From the line containing "陜西:關于調(diào)整榆林電網(wǎng)目錄銷售電價有關事項的通知" to the line containing "Solar-Powered Rabbit Statue" in the entries below, reproduce every line exactly, ends included. Nothing else belongs in the copy, and no pictures.

* **Input records**
━━━

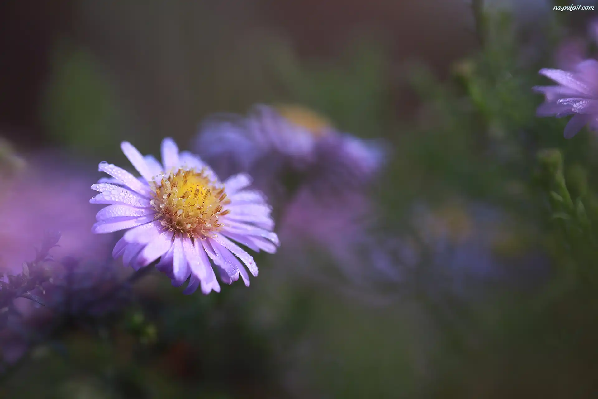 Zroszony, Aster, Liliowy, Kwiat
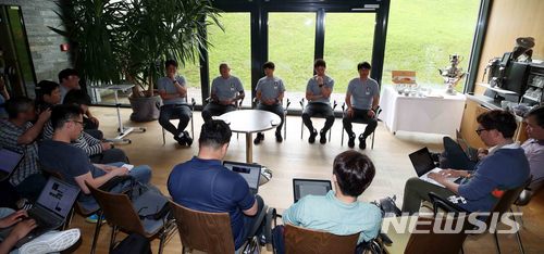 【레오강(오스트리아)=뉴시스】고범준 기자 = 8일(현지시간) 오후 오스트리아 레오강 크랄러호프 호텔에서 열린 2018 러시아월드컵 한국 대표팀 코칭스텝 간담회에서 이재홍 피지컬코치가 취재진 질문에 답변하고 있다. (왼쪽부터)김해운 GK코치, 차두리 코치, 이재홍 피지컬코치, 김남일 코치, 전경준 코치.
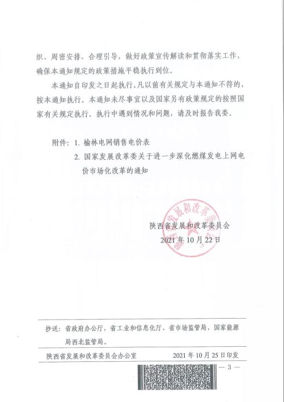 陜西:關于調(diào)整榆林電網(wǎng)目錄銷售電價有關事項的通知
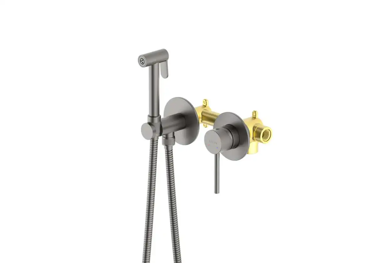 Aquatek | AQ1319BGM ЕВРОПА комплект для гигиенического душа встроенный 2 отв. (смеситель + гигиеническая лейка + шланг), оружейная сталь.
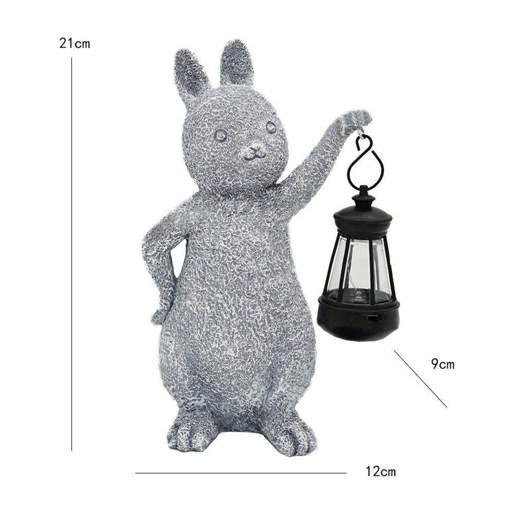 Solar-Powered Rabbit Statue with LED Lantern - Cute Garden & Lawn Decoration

━━━

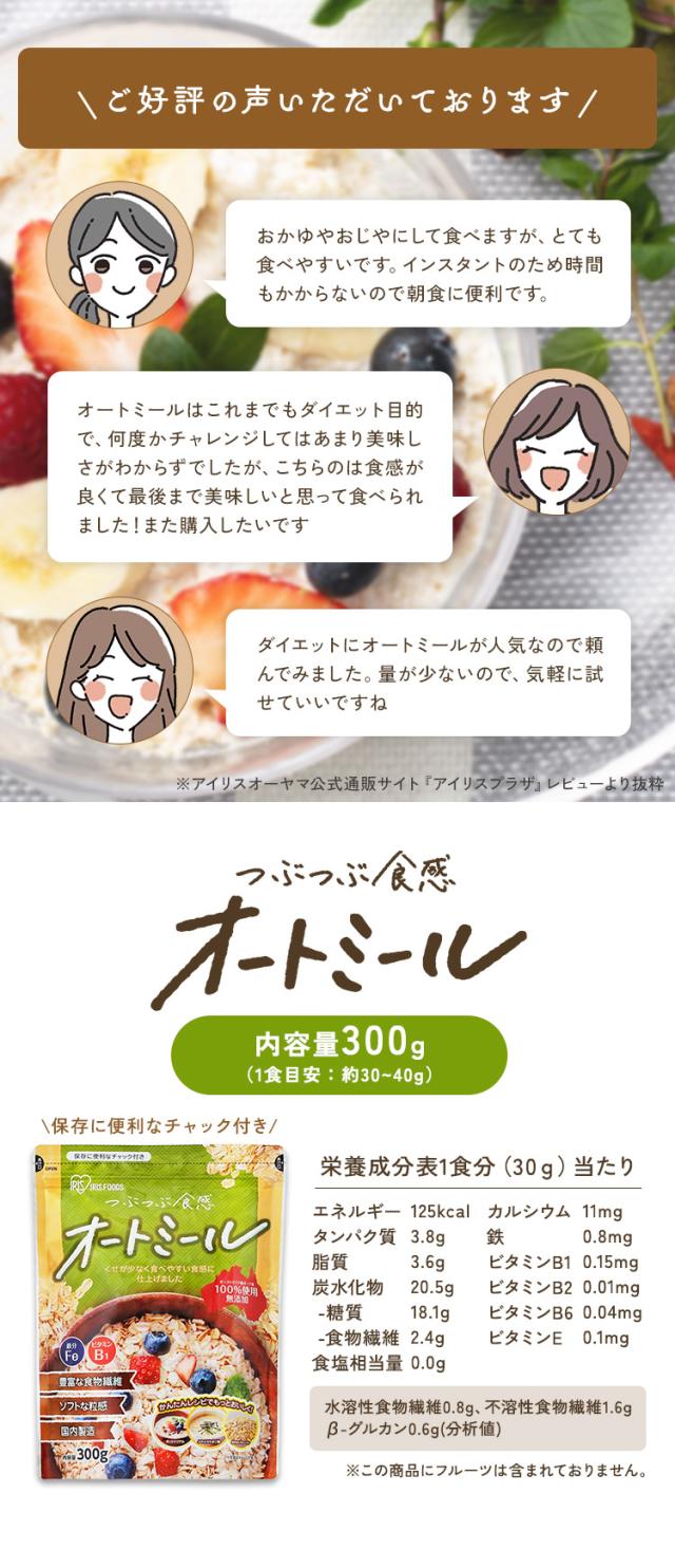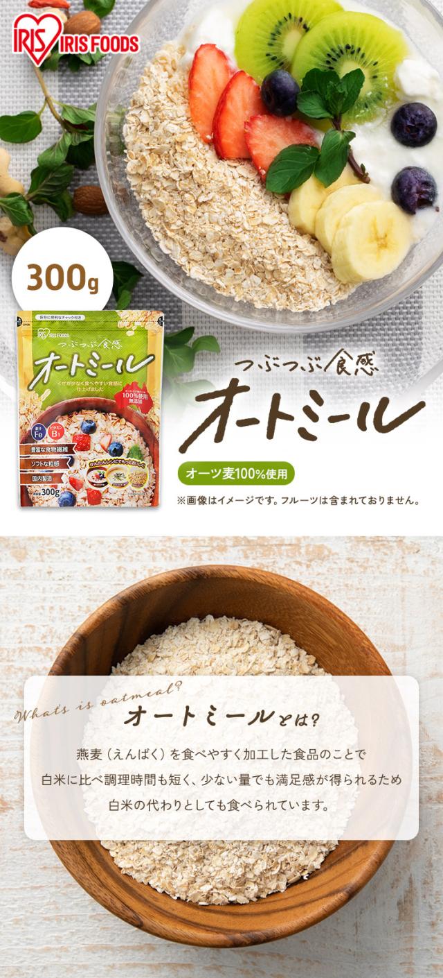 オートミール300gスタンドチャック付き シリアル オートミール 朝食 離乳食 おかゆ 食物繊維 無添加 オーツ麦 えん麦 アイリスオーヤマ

━━━

* **Exercise response**
 陜西:關于調(diào)整榆林電網(wǎng)目錄銷售電價有關事項的通知
 Aquatek | AQ1319BGM ЕВРОПА комплект для гигиенического душа встроенный 2 отв. (смеситель + гигиеническая лейка + шланг), оружейная сталь.
 Solar-Powered Rabbit Statue with LED Lantern - Cute Garden & Lawn Decoration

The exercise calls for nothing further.